La natalité en Serbie n'est pas ce qu'elle est en France (mais nous sommes champions, il faut le dire), alors il n'y a pas tant d'enfants de son âge autour de nous, je dirais 3 ou 4 filles et 3 garçons avec lesquelles elle peut littéralement s'éclater. Ici on peut voir sa nouvelle amie Mila. Alors, comme partout, les liens se tissent par le biais des enfants, et on s'invite régulièrement entre parents amis, et tout ce petit monde se défoule pendant que les parents discutent et boivent. Et Miona se plaît tellement chez les autres, qu'elle demande TOUJOURS à rester dormir à la fin de la fête. Parfois ça chouine pas mal sur le départ.

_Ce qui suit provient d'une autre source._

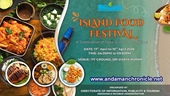 Sri Vijaya Puram, April 9: The Department of Tourism, A & N Administration is organizing the Island Food Festival 2026 with the theme “A Celebration of Taste, Culture & Tradition” from 17th to 19th April, 2026 at ITF Ground, Sri Vijaya Puram.

Miona dort bien et ne fait plus de sieste après midi (ça ne se fait pas à la crèche).
Elle est toujours bilingue, le Français reste pratiqué car je le parle avec elle. Elle aime toujours sa cadette Lena, et Lena commence aussi à apprécier les jeux de son aînée. Ca la fait marrer, et ça motive Miona.
Elle pourrait regarder les dessins animés toute la journée, bien sûr. En ce moment elle est très Bugs Bunny et Power Puff Girls, comme son père (Regardez Cartoon Networks !!). Mais ses icones papier glacé du moment, ce sont les Magical Winx, et elle est Layla pour les connaisseurs. Forcément, elle convoite aussi tout ce qu'elle voit chez les autres enfants, mais elle n'est pas colérique ou capricieuse, et on s'en sort bien. De toute façon sa tante Mirna pallie régulièrement à sa fièvre acheteuse.
Pas de grandes promenades à Kalemegdan depuis de longues semaines, moins de temps, et temps moins clément. Mais bientôt on se fera les grandes rues du centre décorées et illuminées pour Noël, c'est promis.
Voilà pour la grande, je parlerai de la petite + tard.